▶ _RECORD SET_

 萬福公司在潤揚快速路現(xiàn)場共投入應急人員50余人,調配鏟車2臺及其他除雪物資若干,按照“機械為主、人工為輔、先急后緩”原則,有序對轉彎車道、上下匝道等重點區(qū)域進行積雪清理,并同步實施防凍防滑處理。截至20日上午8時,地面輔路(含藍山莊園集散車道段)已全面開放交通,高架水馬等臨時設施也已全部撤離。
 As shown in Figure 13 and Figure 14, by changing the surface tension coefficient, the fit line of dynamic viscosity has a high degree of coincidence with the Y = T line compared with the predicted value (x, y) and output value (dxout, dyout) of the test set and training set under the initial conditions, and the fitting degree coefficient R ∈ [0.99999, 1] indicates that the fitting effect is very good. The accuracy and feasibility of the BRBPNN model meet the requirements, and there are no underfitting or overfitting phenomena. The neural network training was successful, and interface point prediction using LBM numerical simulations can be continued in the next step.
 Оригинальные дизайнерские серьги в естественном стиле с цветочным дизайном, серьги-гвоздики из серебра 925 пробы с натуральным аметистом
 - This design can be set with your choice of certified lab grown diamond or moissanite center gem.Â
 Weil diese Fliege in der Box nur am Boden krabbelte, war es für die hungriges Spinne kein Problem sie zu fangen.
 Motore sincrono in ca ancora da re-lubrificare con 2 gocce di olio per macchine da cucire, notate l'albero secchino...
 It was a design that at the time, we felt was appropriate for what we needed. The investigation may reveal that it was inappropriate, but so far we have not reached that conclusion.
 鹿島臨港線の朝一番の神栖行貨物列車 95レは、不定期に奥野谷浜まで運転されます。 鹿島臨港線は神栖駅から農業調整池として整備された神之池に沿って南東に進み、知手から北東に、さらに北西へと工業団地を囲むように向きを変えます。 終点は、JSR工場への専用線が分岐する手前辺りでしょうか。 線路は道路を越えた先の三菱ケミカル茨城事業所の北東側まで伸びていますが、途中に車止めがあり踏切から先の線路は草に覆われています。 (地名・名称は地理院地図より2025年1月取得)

* * *

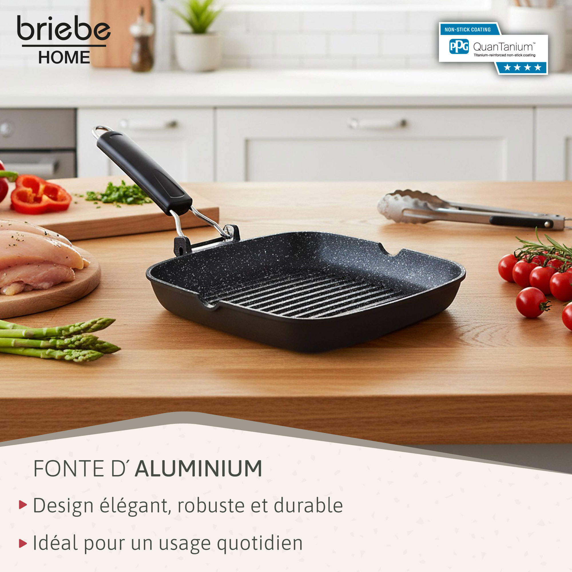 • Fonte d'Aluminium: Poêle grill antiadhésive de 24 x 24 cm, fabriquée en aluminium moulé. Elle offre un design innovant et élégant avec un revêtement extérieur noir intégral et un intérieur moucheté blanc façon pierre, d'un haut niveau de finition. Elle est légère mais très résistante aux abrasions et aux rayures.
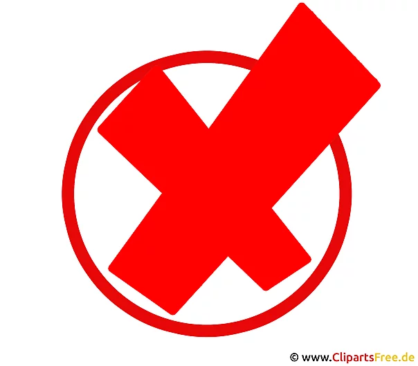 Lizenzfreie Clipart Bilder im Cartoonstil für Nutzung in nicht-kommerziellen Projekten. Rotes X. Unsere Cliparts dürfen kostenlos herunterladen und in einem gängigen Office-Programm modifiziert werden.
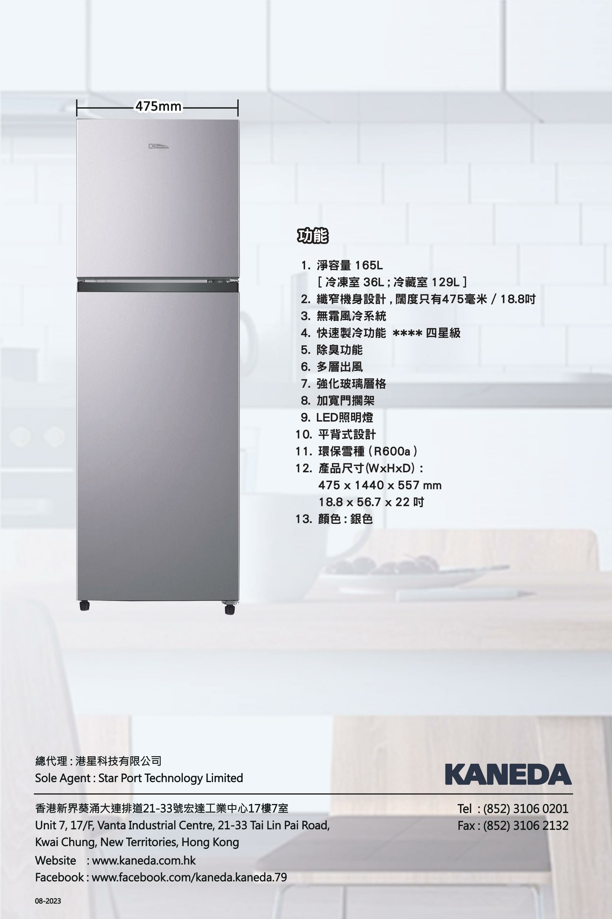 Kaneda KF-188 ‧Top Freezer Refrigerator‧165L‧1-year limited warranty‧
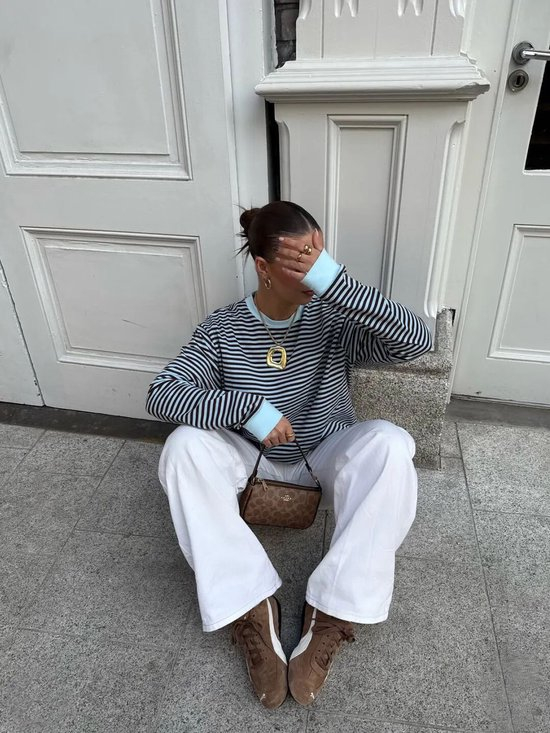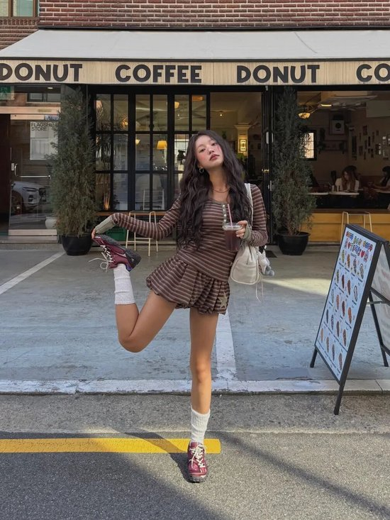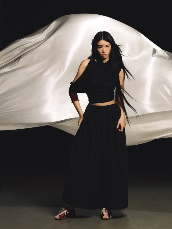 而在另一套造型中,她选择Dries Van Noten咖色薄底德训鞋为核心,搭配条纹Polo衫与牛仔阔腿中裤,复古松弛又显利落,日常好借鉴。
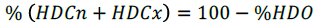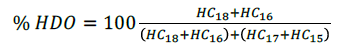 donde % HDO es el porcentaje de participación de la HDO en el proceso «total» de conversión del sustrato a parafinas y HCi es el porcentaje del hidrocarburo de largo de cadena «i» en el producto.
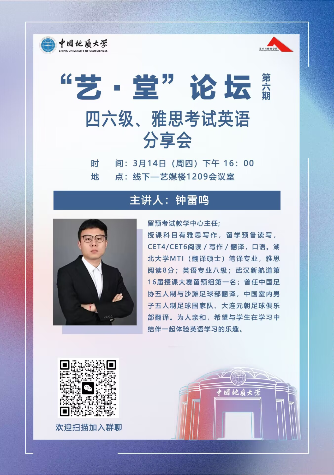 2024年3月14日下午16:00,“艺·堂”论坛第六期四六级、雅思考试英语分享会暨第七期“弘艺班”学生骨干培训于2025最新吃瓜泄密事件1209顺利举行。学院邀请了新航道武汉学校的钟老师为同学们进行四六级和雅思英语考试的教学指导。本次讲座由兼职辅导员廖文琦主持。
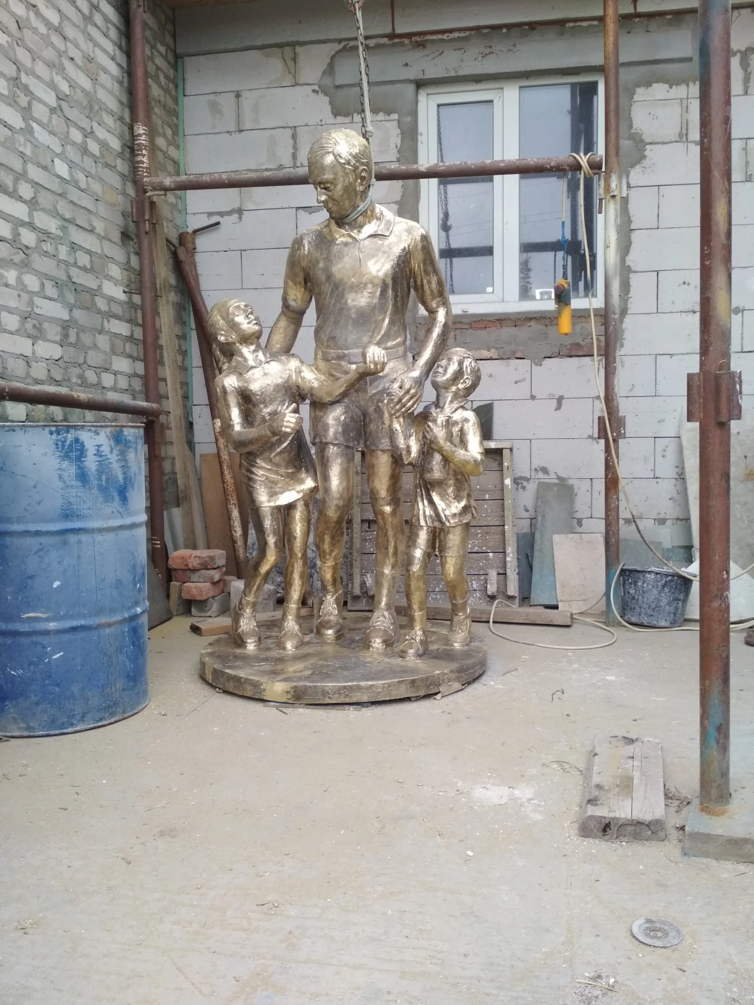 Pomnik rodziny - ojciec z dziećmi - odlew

▶ _PROBLEM TO WORK ON_
Look above for the line holding "Lizenzfreie Clipart Bilder" and output everything from it down to the line holding "Kaneda KF-188 ‧Top", both ends included, exactly and without images.

▶ _ANSWER TO THE PROBLEM_
 Lizenzfreie Clipart Bilder im Cartoonstil für Nutzung in nicht-kommerziellen Projekten. Rotes X. Unsere Cliparts dürfen kostenlos herunterladen und in einem gängigen Office-Programm modifiziert werden.
 Kaneda KF-188 ‧Top Freezer Refrigerator‧165L‧1-year limited warranty‧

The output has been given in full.